* Problem *
Reproduce the listing below exactly. Pictures do not belong in the copy.

* Supplied material *
- - - -

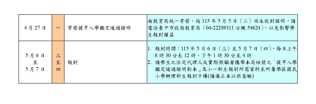 【特教】臺中市115學年度國民小學資賦優異學生提早入學鑑定
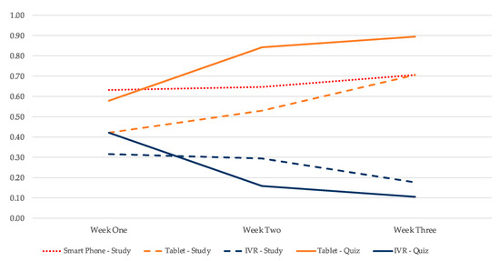 The median student performance on RtB in-software weekly quizzes and Firecracker weekly quizzes were all above the passing threshold (70% correct on average) and are shown in Table 2. The median quiz time, as measured by the device, was compared by platform modality, IVR vs. tablet: week one 14.7 vs. 14.5 min; week two 7.5 vs. 13.1 min; week three 10.5 vs. 14.3 min (Figure 4).
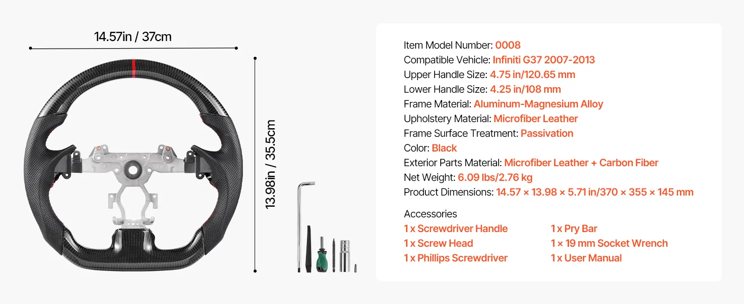 Adatto specificamente al veicolo: compatibile con Infiniti G37 2007-2013, questo volante si installa comodamente e migliora la tua esperienza di guida senza sforzo
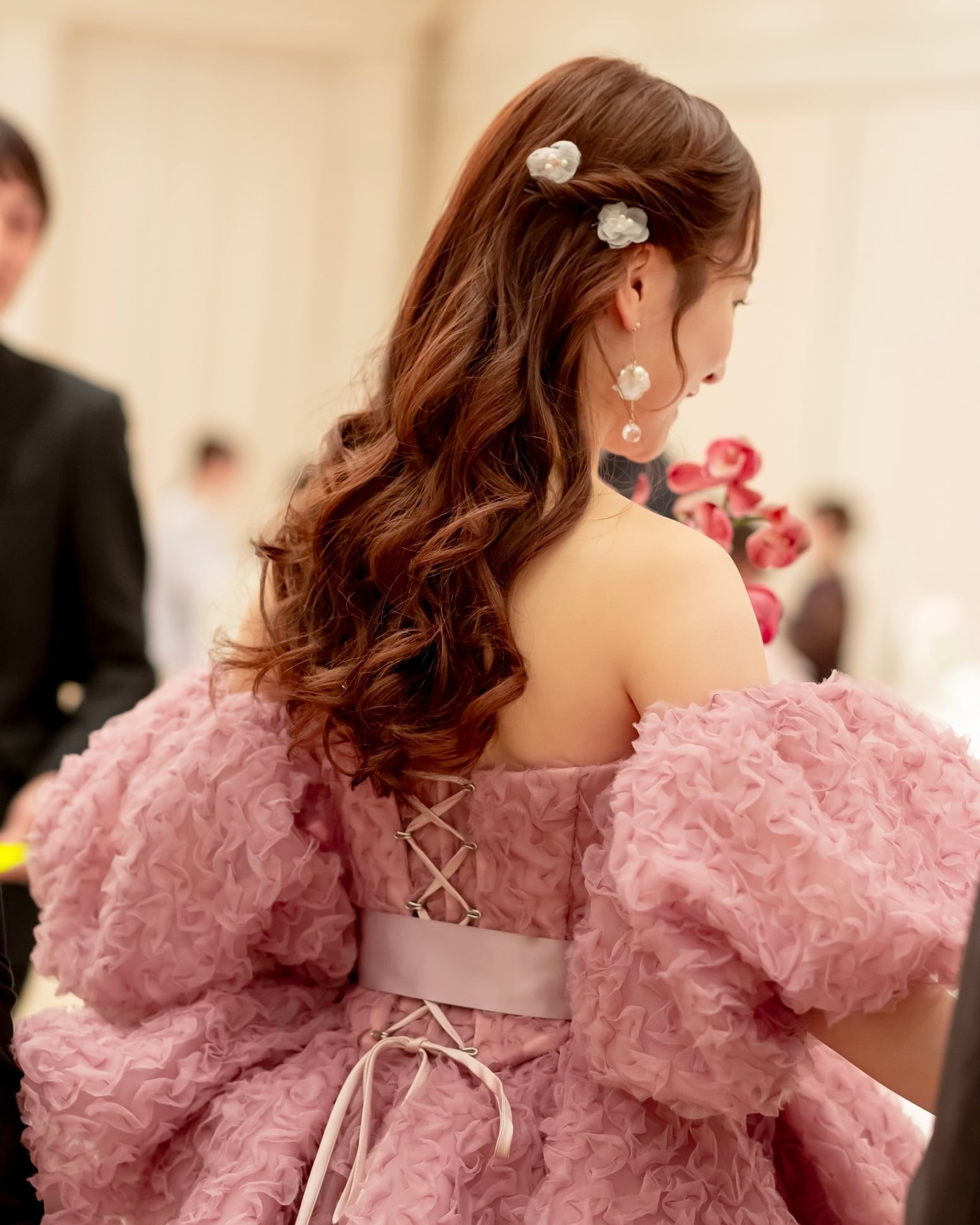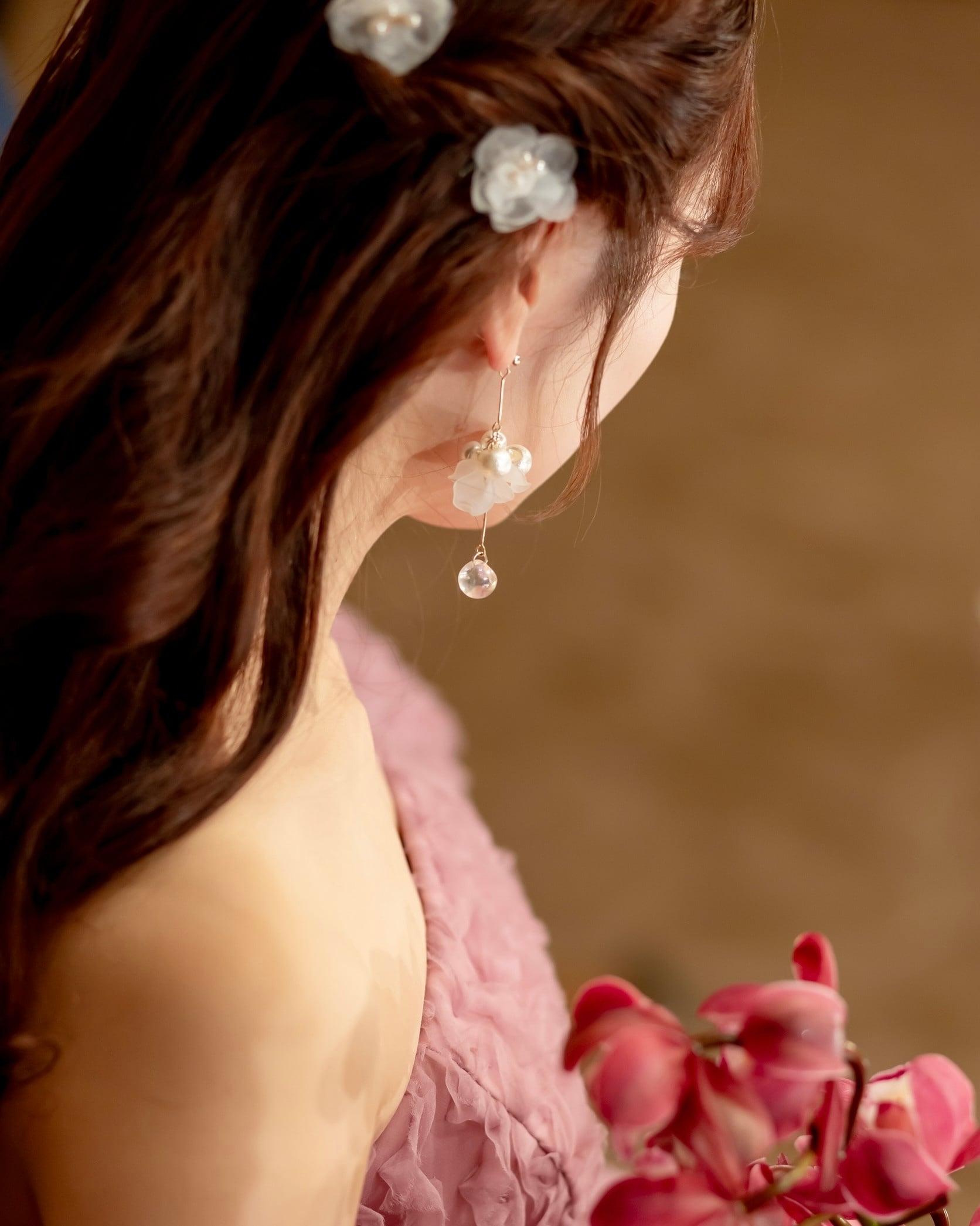 バブルビーズのタッセルが動くたびに揺れて、愛らしくもメリハリある大人フェミニンな花嫁さまを演出。

- - - -

* Reply to the exercise *
 【特教】臺中市115學年度國民小學資賦優異學生提早入學鑑定
 The median student performance on RtB in-software weekly quizzes and Firecracker weekly quizzes were all above the passing threshold (70% correct on average) and are shown in Table 2. The median quiz time, as measured by the device, was compared by platform modality, IVR vs. tablet: week one 14.7 vs. 14.5 min; week two 7.5 vs. 13.1 min; week three 10.5 vs. 14.3 min (Figure 4).
 Adatto specificamente al veicolo: compatibile con Infiniti G37 2007-2013, questo volante si installa comodamente e migliora la tua esperienza di guida senza sforzo
 バブルビーズのタッセルが動くたびに揺れて、愛らしくもメリハリある大人フェミニンな花嫁さまを演出。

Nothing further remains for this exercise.